Ob man anhand der Blüte erkennen kann, was nachher daraus wird? Erst einmal gab es eine Gemeinsamkeit festzustellen: Alle Blüten weisen jeweils fünf weiße Blütenblätter auf. Da müssen wir wohl ein wenig weiter in die Details einsteigen. Wir halten verschiedene Blüten in den Händen und lernen wie eine Blüte beschaffen ist und aus welchem Teil der Blüte nachher die Frucht entsteht. Ja, und hier ist ein Unterschied zu finden: Die Blüte von Steinobst (Kirsche, Zwetsche) sieht anders aus als die von Kernobst (Apfel, Birne). Weitere Hinweise geben dann die Rindenstruktur des Baumstamms und die Anordnung der Blüten am Zweig. Die Kirsche hat beispielsweise eine quergestreifte Rindenstruktur und die Blüten sind am Ende von längeren Stielen (in der Fachsprache: Dolden) zu finden.

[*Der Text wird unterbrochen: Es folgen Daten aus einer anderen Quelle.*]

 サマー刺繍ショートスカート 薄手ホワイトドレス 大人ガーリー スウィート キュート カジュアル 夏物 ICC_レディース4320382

Blütenbestimmung mit Bestimmungsbuch

Die Apfel- und Birnenbäume sind übrigens mit Ihrer Blüte etwas später im Jahr an der Reihe als Schlehen, Mirabellen und Kirschen. So konnten wir wunderschöne rosa Knospen bewundern, die in das zarte Grün der ersten Laubblätter gebettet waren und haben dabei noch einen Unterschied gefunden: Die Bäume von Kernobst schieben zuerst Laubblätter und dann Blüten. Beim Steinobst bilden sich hingegen zuerst die Blüten. Nur ein einziger Birnenbaum auf der Wiese hatte schon ein paar Blüten geöffnet. Doch das reichte uns ja aus, um den Unterschied zwischen Stein- und Kernobst erfahren zu können.

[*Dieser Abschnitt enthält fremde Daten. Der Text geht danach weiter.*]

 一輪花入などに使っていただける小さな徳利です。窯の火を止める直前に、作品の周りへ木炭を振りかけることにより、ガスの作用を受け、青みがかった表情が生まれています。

Knospen kurz vor der Öffnung

Insgesamt war sehr viel mehr als ein Vortrag, es war ein Erlebnis mit allen Sinnen! Die meisten Blüten haben übrigens ein leichtes Mandelaroma, denn die Neugierigen unter uns haben die Blüten auch verkostet.

Vielen Dank für diesen tollen, interessanten und wissensreichen Abend!